"My mother has a name for the elaborate, wrongheaded tales we tell ourselves.
She calls them Jack Stories.
"Here's the original: One day, Jack had a flat tire on the side of the road.
(This was before spare tires, cell phones, navigation systems, and AAA.) Jack
saw a farmhouse in the distance and started walking toward it to ask if he could
use the phone to call his son for help. As he got closer to the place, he
started telling himself this story: There will be a man home, and he will be
mean and nasty and maybe even violent. He will answer the door and ask me what
the hell I think I am doing, out in the middle of nowhere, knocking on a
stranger's door. He will assume I am a thief or a louse. He probably won't care
that I have a flat tire. He won't care about his fellow man.

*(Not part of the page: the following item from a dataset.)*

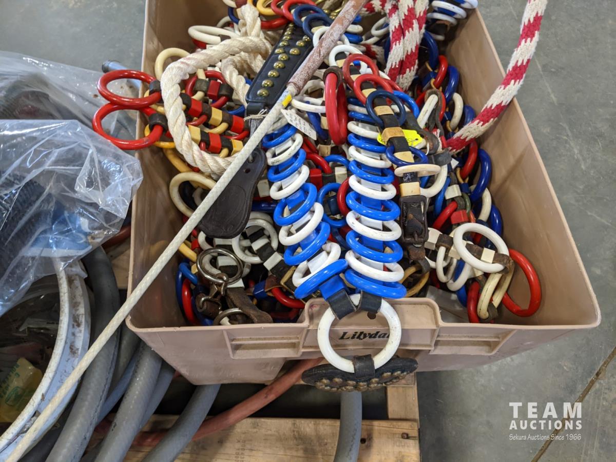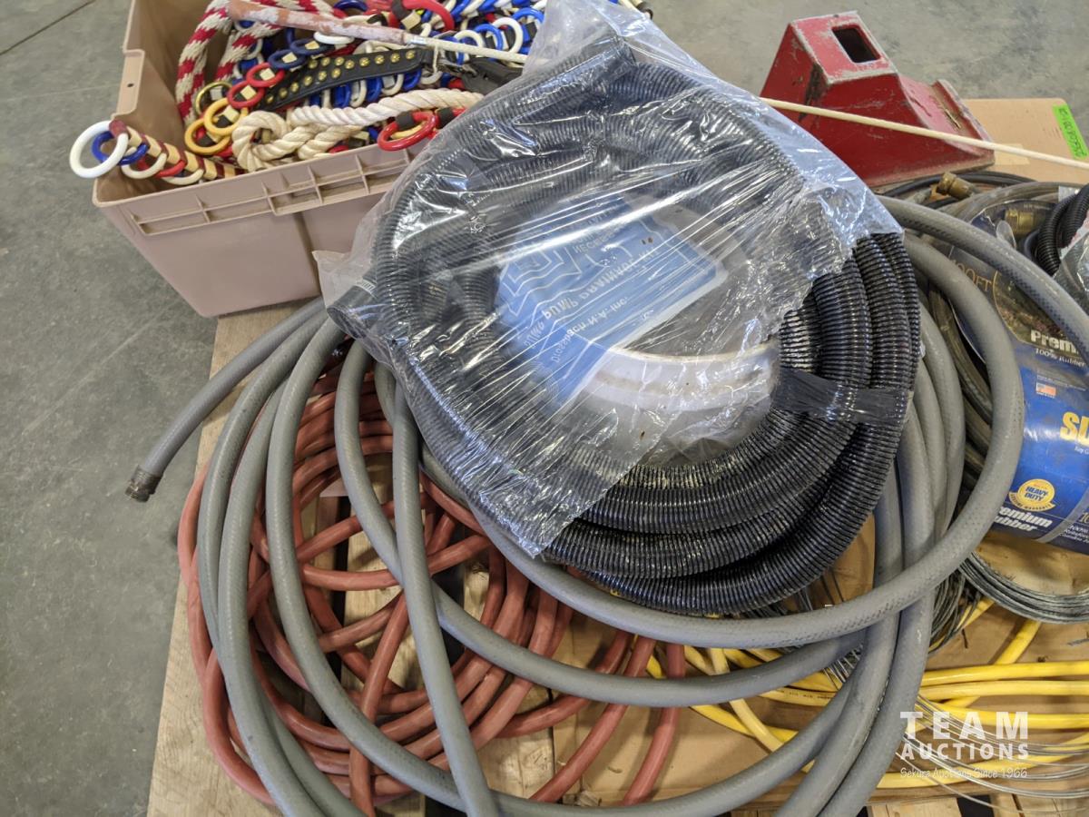Horse tack, hoses, jumper cables and wheel chock

He is probably the
kind of guy who kills small animals just for fun. He might even try to beat me
up.
"Just as he is approaching the front door, Jack thinks: This guy is an absolute
menace to society. I would be doing everyone a favor to take him out. Jack raps
his knuckles on the door. Hard. Loudly. A man answers. Jack says, "So! There you
are! You swine, you pig! Well, take this-!" And Jack punches him in the nose.
"Although we usually fall short of punching people, we tell ourselves Jack
Stories all day long without realizing it..."
~ Geneen Roth, excerpted from "News from Geneen," Vol. 2, Issue 6 September 1,
2009.
Geneen Roth is a long-standing mindfulness student who uses mindfulness to
address issues of compulsive eating.